Claude Tchamitchian sextet - Traces
Parfois, on met du temps avant d'accepter une évidence. A mettre en perspective ce qu'on dit, fait, créé ou produit.
Souvent, on met sous le tapis, on contourne, on maquille, comme les boutons sur le nez. Et ça, même si tout ceci est souvent véniel, voire plutôt source d'orgueil. C'est le cas des racines. On peut souvent faire abstraction d'où l'on vient et de quelle fenêtre on regardait gamin, il y a toujours un moment où ça vous revient en boomerang.
Reste à savoir quoi en faire, en bien, en mal ou en sublime.
Dans toutes les acceptions du terme.
C'est ce qui est arrivé à Claude Tchamitchian. Ce sont ce que nous apprennent les notes de pochette de Traces joliment écrites par Stéphane Ollivier, lorsqu'André Jaume lui fit remarquer l'influence de ses origines arméniennes dans sa musique, lors d'une classe de jazz.
Le genre de remarque qui peut glisser sans réaction où faire pousser de nouvelles envies, au milieu de ce qu'on a déjà construit. Comme regarder une vieille photo jaunie retrouvée derrière un meuble et reconnaître des visages familiers dont on apprendra plus tard qu'ils étaient d'autres générations, d'avant, de l'inconnu.
C'est tout le thème de Traces, sorti sur le label Emouvance qui soutient tous les projets du contrebassiste :essayer de convoquer des souvenirs latents qui sont ceux des ancêtres, s'interroger sur ce qu'ils ont induit de soi. Et ce alors même que cent ans se sont passées sans que les plaies béantes du génocide ne sont pas résorbées 101 ans après, quasi jour pour jour.
Les origines de Tchamitchian évoquent l'exil : Entre génocide et séismes, la terre d'Arménie a souvent été un endroit d'où l'on part, en masse la plupart du temps, et c'est ce que l'orchestre traduit avec une grande cohésion dans les six mouvements conçus comme une suite.

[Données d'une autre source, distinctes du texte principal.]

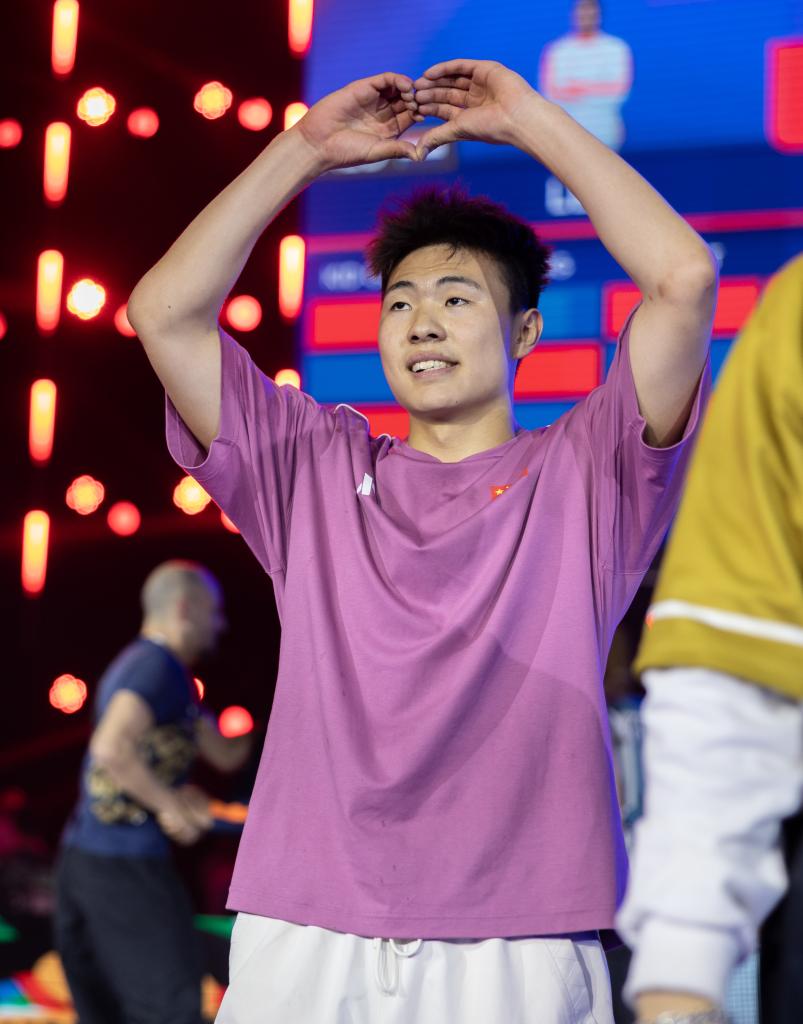 ↑5月19日,亓祥宇在决赛后向观众致意。当日,在巴黎奥运会资格系列赛上海站霹雳舞男子决赛中,中国选手亓祥宇1:2不敌荷兰选手迪乌夫,获得亚军。

A ses côtés, on retrouve le batteur Christophe Marguet dont le jeu très mélodique est parfait pour donner du liant. Dans « Vergine », leur échange quasi-exclusif est la colonne vertébrale d'un propos plein d'amour et de nostalgie ; il y a les mots de Géraldine Keller aussi. Elle qui faisait de la balançoire avec Cappozzo était également dans le Lousadzak de Tchamitchian, son célèbre orchestre. Les mots sont ceux du romancier Krikor Beledian et de son ouvrage Seuils.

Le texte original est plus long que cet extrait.